Resolution warnings

Modified on Fri, 27 Mar 2020 at 04:00 PM

Book products allow you to set resolution warnings/errors at setup time. These warnings apply to images used on yearbook pages.

Your client will see warnings on their pages if they use an image that is below your recommended values.


They will also apply to backgrounds.

How resolution warnings are triggered

There are several common triggers for low-resolution warnings.

  • your client has downloaded images and logos from their school website, not realizing they have been downscaled.
  • your client has downloaded photos, clipart and backgrounds from the internet, not verifying their quality (nor the legality of doing so!)
  • your client has over-zoomed an image.
  • your client has stretched a small image to a larger size.
  • your client is using a scanned artwork that is not 300 dpi and set it to a full background.
  • the school photography service has provided portrait images below the recommended PSPA 640x800 size.
  • your client has used a portrait image on a candid page at a much larger size than intended.

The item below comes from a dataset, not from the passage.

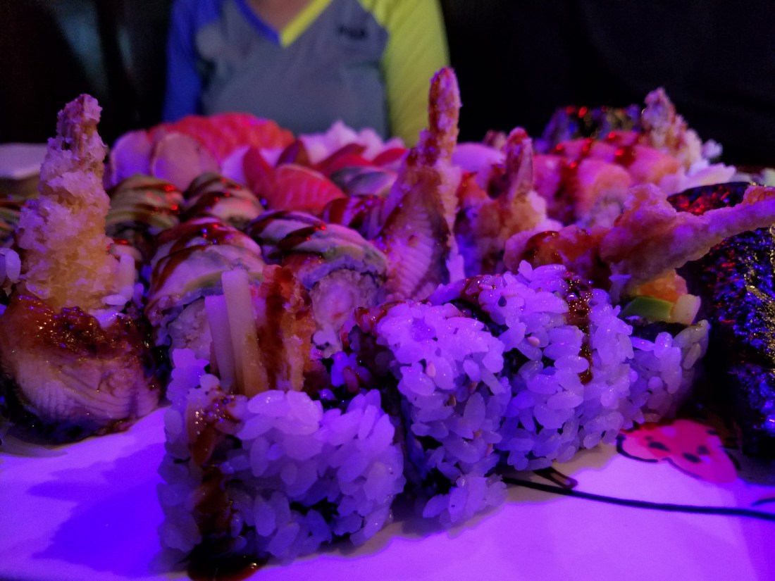 ** Dragon Roll (pictured center left) **

How to avoid low resolution warnings in your clients' books

First, ensure that you set your book settings to a reasonable level. 
Yearbooks are generally not printed at the quality of fine art photo books, so there is no need to challenge your clients with very high resolution demands. The goal is to block very low quality images that will print pixelated.

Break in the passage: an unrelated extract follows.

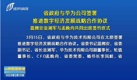 3月15日,山西省政府与华为技术有限公司在太原签署推进数字经济发展战略合作协议。省委书记蓝佛安,省委副书记、省长金湘军,华为技术有限公司副董事长、轮值董事长、CFO孟晚舟,省委常委、秘书长李凤岐,省委常委、太原市委书记韦韬出席签约仪式。省委常委、常务副省长吴伟,华为公司高级副总裁、煤矿军团董事长邹志磊签约。

We do not recommend using values over 200 dpi to warn or 150 dpi to error. Anything higher than these values does not allow your clients sufficient flexibility to use image resources available to them.

Never set your warning to 300 dpi - background canvas images are highly likely to display warnings. Clipart expanded even slightly beyond its first-dropped size is also likely to trigger warnings.

Second, educate your client on where they should gather images. 
They should primarily use original photos directly gathered from the photographer, not downloaded from a website.
They should use the backgrounds and elements provided in the software, or from reliable copyright free sources downloaded at as large a size as possible.
They should never use images found in a general "google search" or copied from an online publication such as a newspaper or a magazine.

The Memento Yearbook School knowledge base includes a detailed article to explain resolution issues they may encounter with their books.